Op een koude winteravond in 1995 is de oprit van de Brusselse Ring in Dilbeek het decor van een waar oorlogstafereel. Zwaarbewapende gangsters openen in volle avondspits het vuur op twee geldtransporten. “Ik hoorde alleen nog schoten en dook onder mijn stuur. Ik durfde niet meer kijken”, vertelt een getuige. De kogelregen raakt ook de kleine Melissa (10), die bij haar mama in de wagen zit. Verdachten genoeg, maar ondanks DNA-sporen komt het nooit tot een proces.

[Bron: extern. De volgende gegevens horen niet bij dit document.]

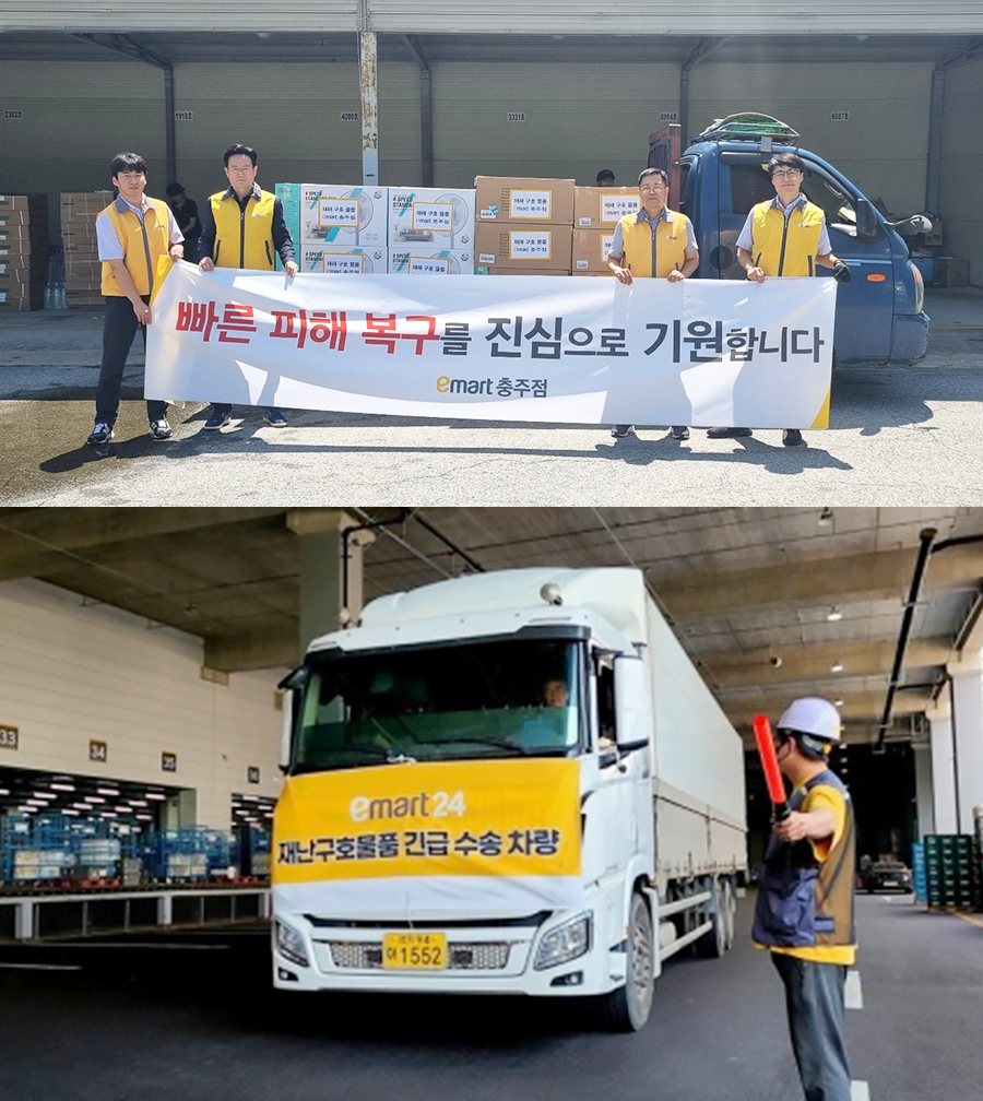 이와 별도로 이마트 충주점 등 수해 피해 지역 인근 이마트 점포들은 도움을 필요로 하는 지자체에 직접 구호 물품을 지원할 방침이다.
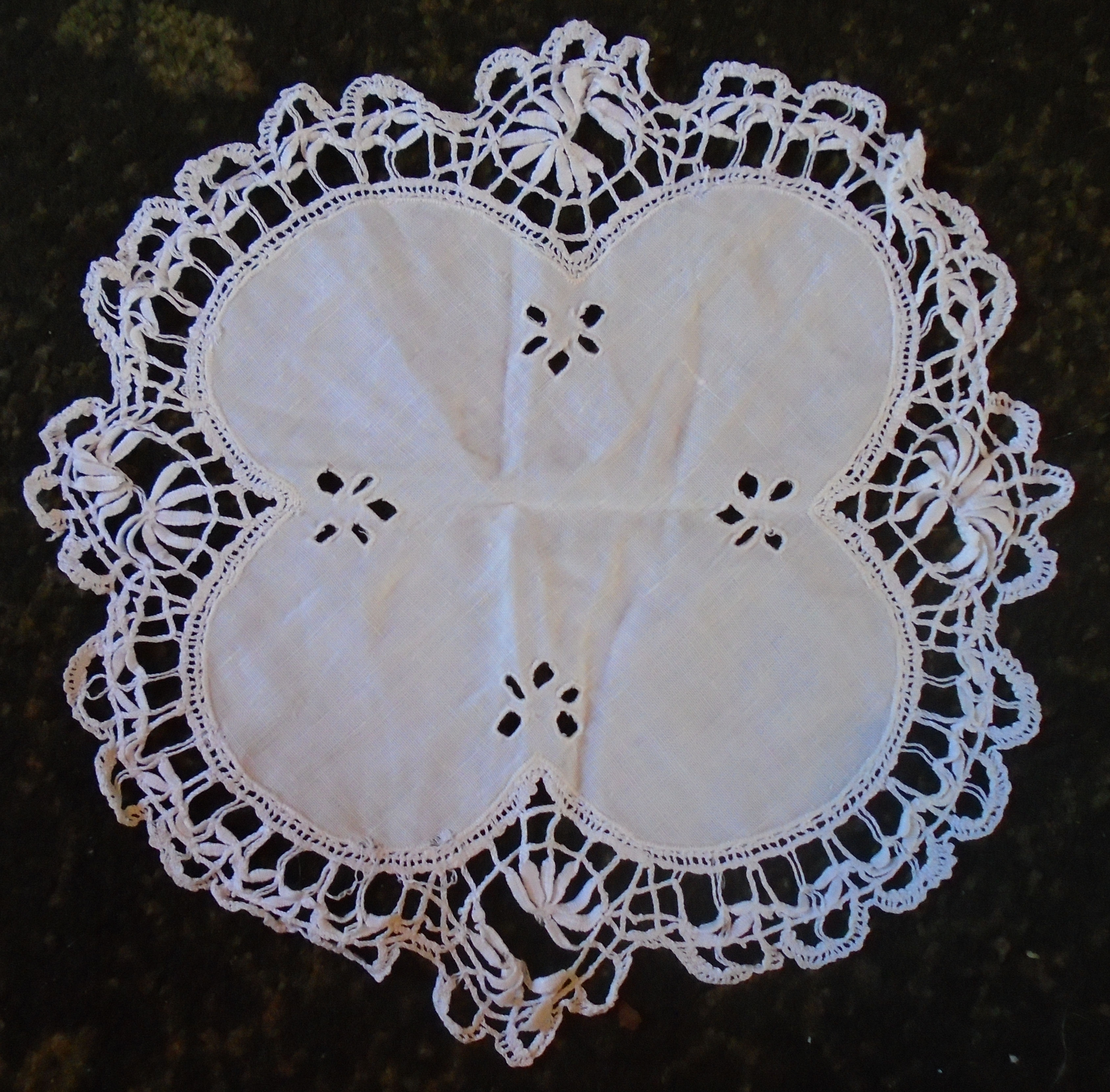 Cluny lace - matThere are tallies and a pattern of plaits. The headside is French fan headside (or Cluny edge). The tallies making the flowers are obviously worked in two parts, and the stitch joining them has mostly come apart! This piece is too big to fit in my scanner (which is how I am reproducing the lace) so I can only show pieces of it on the right. The entire piece is photographed below to show its shape. | ![]() |

Dinsdagavond 19 december 1995. Terwijl iedereen uitkijkt naar het lang kerstweekend liggen zwaarbewapende gangsters in een hinderlaag om twee geldtransporten te overvallen in Dilbeek. Het plan is om de geldkoeriers klem te rijden op de oprit van de Brusselse Ring. De verkeersdrukte houdt de gangsters in volle avondspits niet tegen om hun raid uit te voeren. De twee geldkoeriers rijden op de Ninoofsesteenweg op een afstand van elkaar omstreeks 19 uur de Ring op.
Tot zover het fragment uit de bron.